Mr Michael Byrne, counsel for Ms Bacon, told the court a civil engineer had indicated, fairly, that such spiked railings were to be seen all over Dublin and he was unaware of anyone ever having the spikes removed or filed blunt.

"To expect this lady to call in workmen to file down ornamental railings similar to those all over the city is to put a ridiculously high onus on her," he said.

He said unsupervised children would do dangerous things and that could not be helped. Judge Hogan said the Occupiers Liability Act had imposed the lowest duty of care on an occupier, minimalist in the extreme with regard to a trespasser but it was a duty nonetheless.

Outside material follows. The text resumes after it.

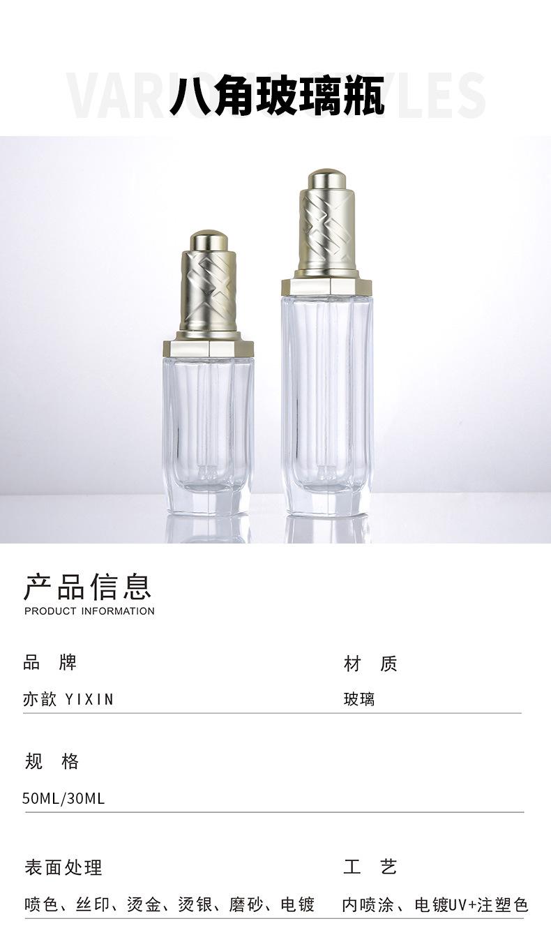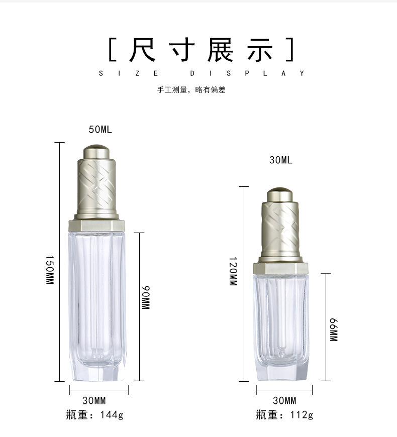 Compra En stock, botella cuentagotas de 50 ml y 30 ml, botella de aceite esencial líquido, subenvase de vidrio octagonal de fondo grueso, botella vacía, material de envasado cosmético al por mayor en Joom.pro

That duty was not to act with reckless disregard to the safety of a trespasser and reckless disregard had been held by the superior courts to mean "consciously disregarding a substantial and unjustifiable risk". The judge said Ms Bacon was well aware that her property a'djoined a play area used by children for recreational purposes and that it was not uncommon for them to attempt to retrieve balls from her garden. He said Ms Bacon's house was surrounded by a railing with five-inch spikes. It would not be unreasonable for her to have anticipated that injury could occur at some stage or another to one of the children gaining access to her garden.

"The law requires that I deal with this case in an objective rather than a subjective way and to that end I must have regard to the definition of recklessness from an objective point of view," Judge Hogan said. "I accept that the higher the probability of trespassers being present the greater the likelihood that the conduct of the occupier was reckless."